James Spratt, Bow, London

My mother once took some photos to a chemist (the days before digital!) and they said they would make the photographs up because there was 2 pictures of my brother and sister in the bath (at around 1 and 2, respectively). The rest were all of our holiday snaps - the whole family just relaxing on the beach or in a restaurant. It clearly wasn't sinister. Can't for the life of me remember which chemists it was?...
Owen Moone, Milton Keynes, UK

"Another suggestion was putting a star on the offending area." Are they mad? Has common sense been totally lost? One can only sigh...
Chantel, Wales

This ties well with your article - Adults 'scared to go near kids' - no wonder with an attitude like this
Christophe, Edinburgh

Personally, I think it's a good thing the staff had considered the implications of using such a photo.
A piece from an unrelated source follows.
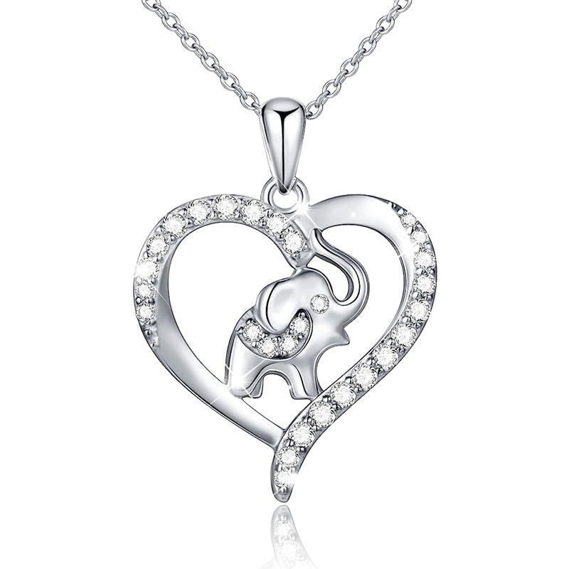 Ciondolo a Forma di Cuore con Elefante in Argento Sterling 925 Placcato Rodio con Cristalli e Strass, Gioiello Regalo per Donne e Uomini

It IS nudity after all (although of a baby), nude is nude. The fact that they had discussed it with the customer and had confirmed it is okay to use is a good thing, the store doesn't want any law-breaking or offensive acts, it is just being careful since it is a family-friendly store.
Chilli, Cardiff, Wales

This country is a joke. We have no problem letting our kids wander the streets unmonitored until all hours, take drugs at 12 or 13 & allow girls to have sex & get pregnant before they are even old enough to leave school, but if a photo of a 5 month old baby's bottom is put on a birthday cake we get all self-righteous & prudish about it. It's pathetic.